Il Messaggero, 4 dicembre 2015
Altre quattro ragazze denunciano il trentenne romano sieropositivo
Chi si è presentata in procura da sola. Chi accompagnata dalla mamma o dal fidanzato. Tutte in lacrime e legate dallo stesso terrore, una di loro sa già di essere sieropositiva, le altre aspettano il risultato del test o sono venute solo per capire meglio e decidere se farlo. Quattro giovani donne ieri, alla spicciolata, si sono recate a piazzale Clodio, a Roma, per raccontare le intimità vissute con Valentino T., il trentenne sieropositivo che prometteva amore o giochi erotici, senza rivelare la sua sieropositivà, tanto da finire in carcere con l’accusa di lesioni gravissime. Un Valentino, che in barba al suo nome, ha seminato il virus dell’Hiv infettando le sue partner. Sei di loro, citate nell’ordinanza che l’ha portato in carcere la scorsa settimana, stanno facendo i conti con lo spettro dell’infezione.
I VERBALI
Una di loro ha già ricevuto i risultati. Per ora ha solo contattato gli investigatori, si è presa qualche giorno per rendere un verbale più compiuto in cui racconta i dettagli. «Ho fatto il test», ha raccontato, «E purtroppo sono risultata positiva. Chiedeva intimità non protette, perché così preferiva, ed io non sospettavo minimamente il suo segreto». La relazione con Valentino, tra l’altro, è recentissima: è avvenuta nel corso dell’estate, sempre con le solite modalità. Una chat, poi gli incontri, le promesse d’amore eterno. A tutte, ripeteva la stessa frase: «Sei l’unico amore della mia vita». In realtà Valentino aveva una relazione stabile con una ragazza che gli è rimasta accanto in tutti questi anni, con la quale aveva rapporti protetti (e infatti è negativa al test). L’unica che lo difende e non crede alle accuse messe nero su bianco dal nucleo di Pg della Polizia di stato a piazzale Clodio.

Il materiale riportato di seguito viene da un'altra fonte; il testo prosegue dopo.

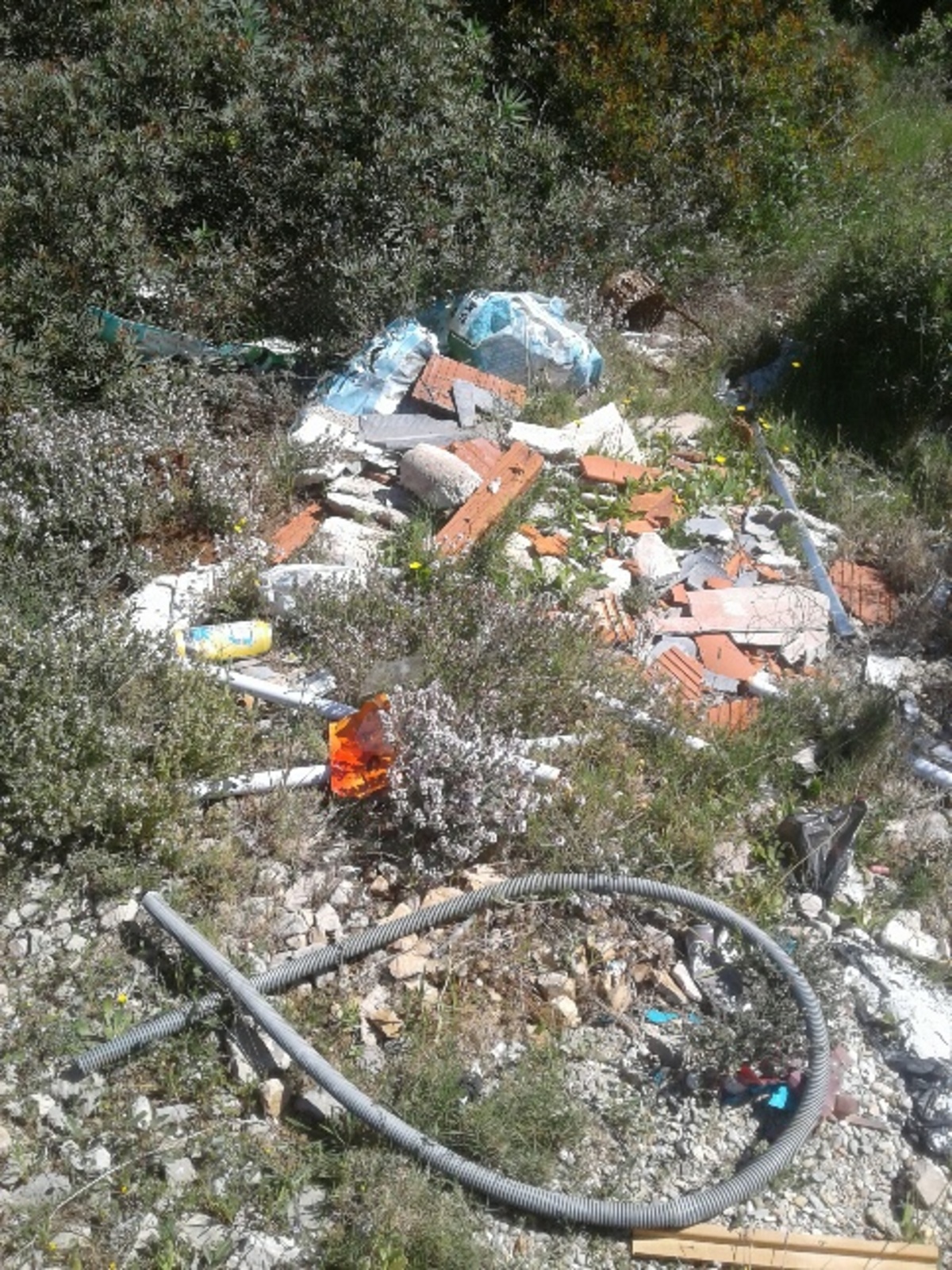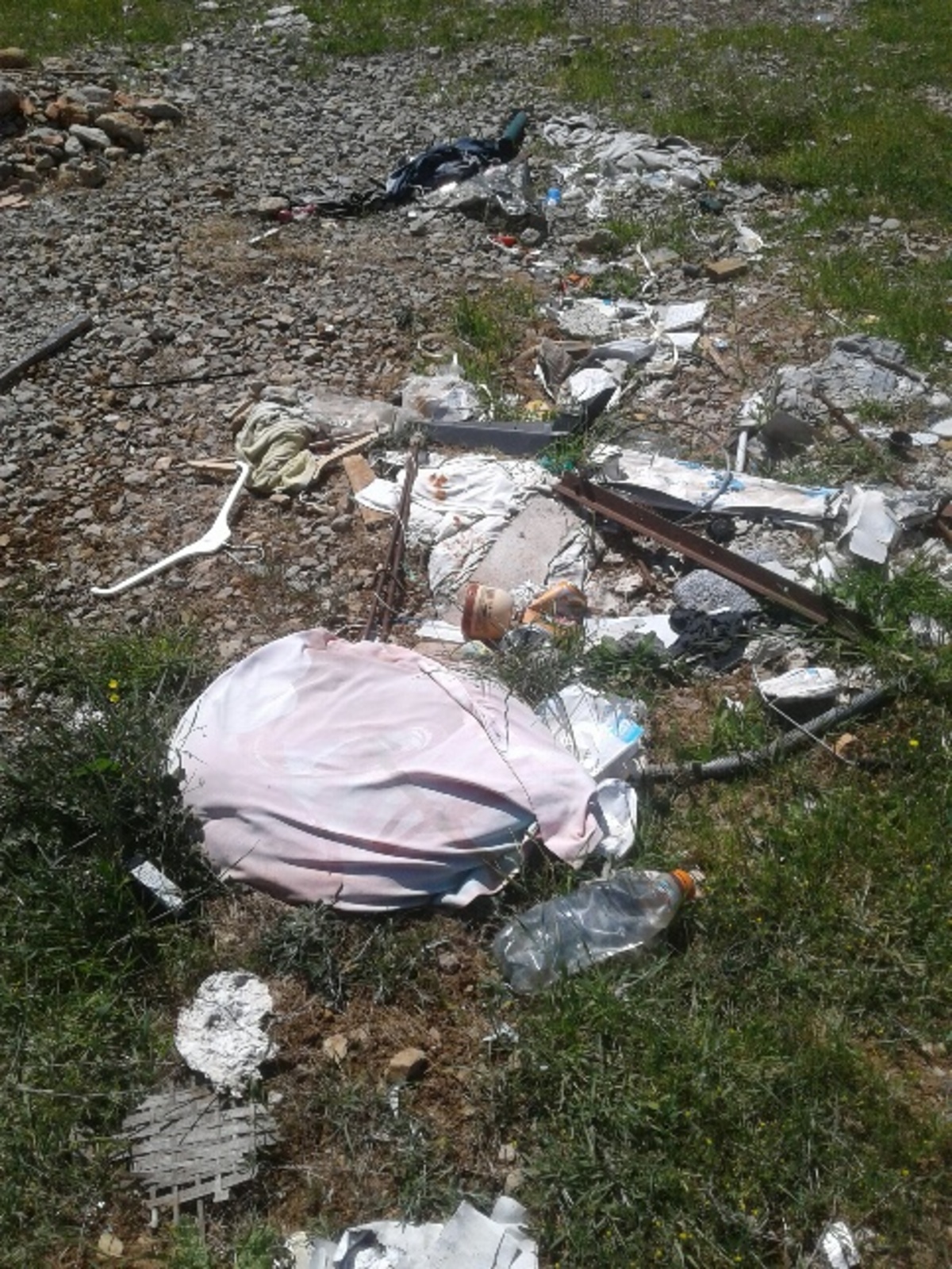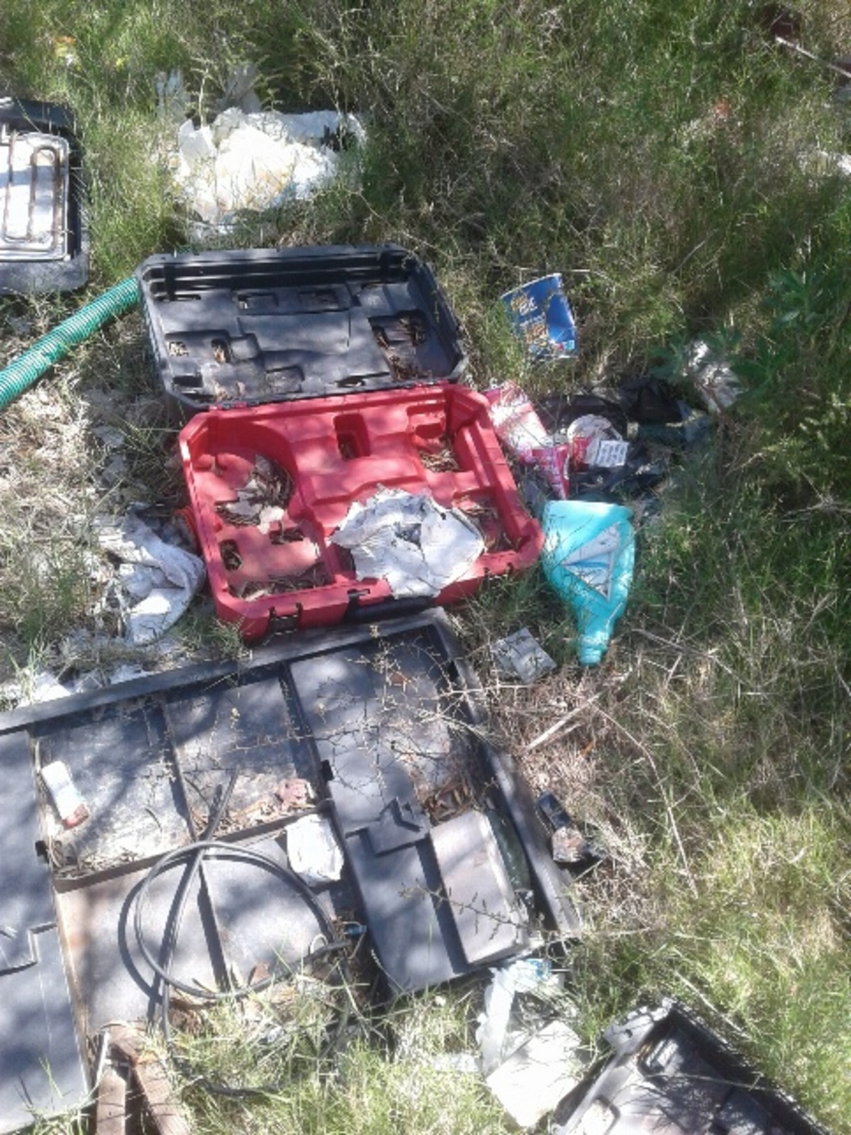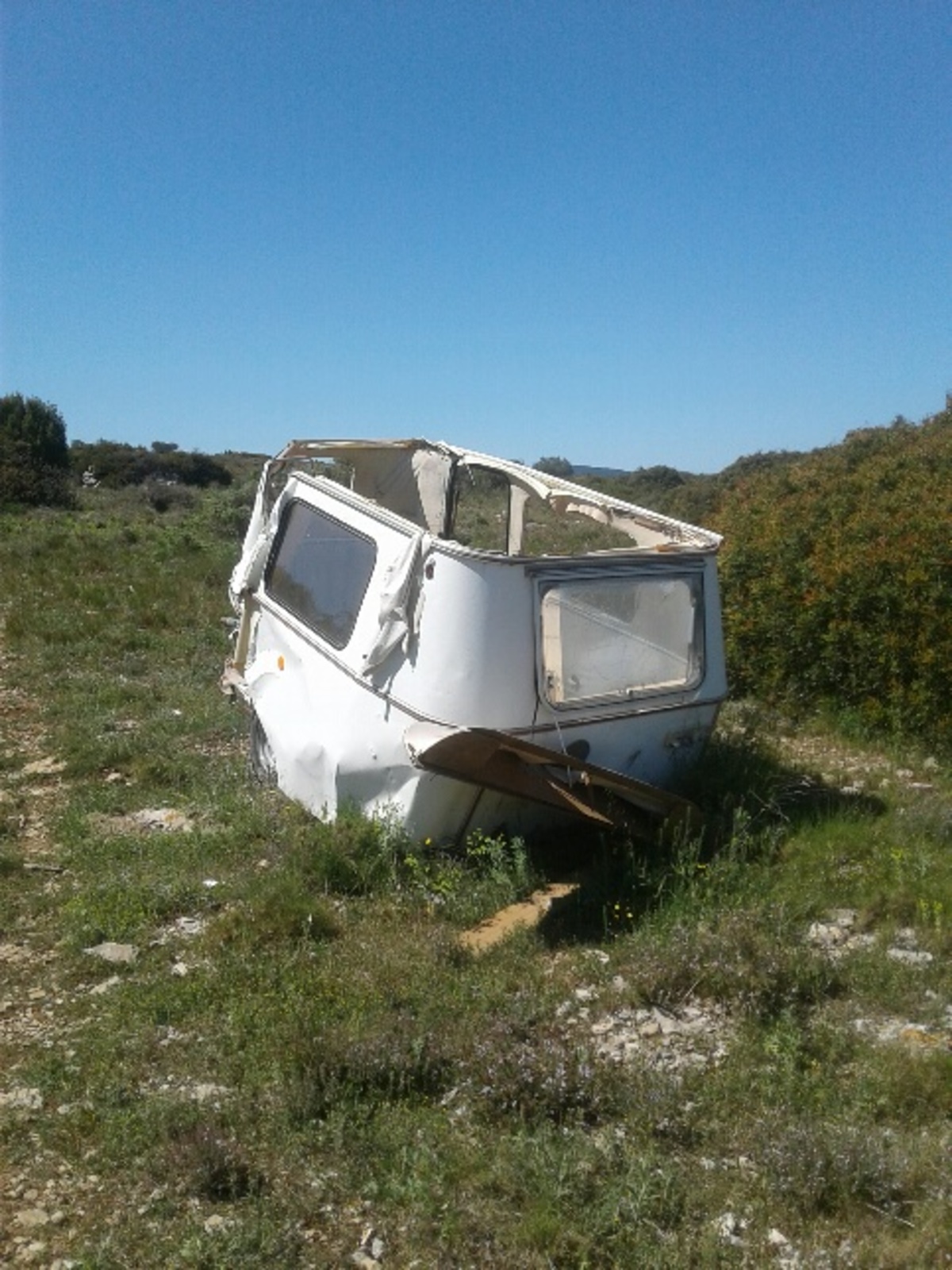 Dépôt sauvage de reste de véhicule, de débris de plastique et de gravas en zone naturelle.

Le altre tre invece si sottoporranno al test nei prossimi giorni. Anche loro hanno spiegato le modalità dei rapporti con il giovane impiegato. «Era giovane e curato. Nessun vizio», ha raccontato un’altra giovane, «Tranne quello di una sessualità molto passionale che non pensavo potesse nascondere l’incubo dell’Hiv». «A me lo aveva escluso», ha specificato su domanda una delle giovani, «Ci eravamo conosciuti in chat e quindi non sapevo nulla di lui».
LE ACCUSE
L’incriminazione del presunto untore romano potrebbe aggravarsi, proprio mentre il suo legale, l’avvocato Giuseppe Minutoli, punta alla revoca della misura della custodia cautelare in carcere per quella domiciliare con un ricorso al tribunale del Riesame. In carcere infatti Valentino T. non si sente tranquillo. «Non ha mai avuto problemi con la giustizia», racconta chi lo conosce bene, «È un ragazzo perbene. Anche lui a vent’anni è stato contagiato ma visto che la malattia non si è mai sviluppata si sentiva tranquillo». Il pm Francesco Maria Scavo e la pg della polizia di stato interna alla procura intanto stanno scartabellando le agendine e le memorie dei telefonini di Valentino per risalire ad altre partner. ««La elevatissima probabilità che ad infettare le odierne persone offese sia stato Valentino T.», aveva scritto il gip Alessandro Arturi, «si fonda, tra l’altro, sull’identità genotipica riscontrata nei ceppi virali presenti nell’indagato e nelle vittime».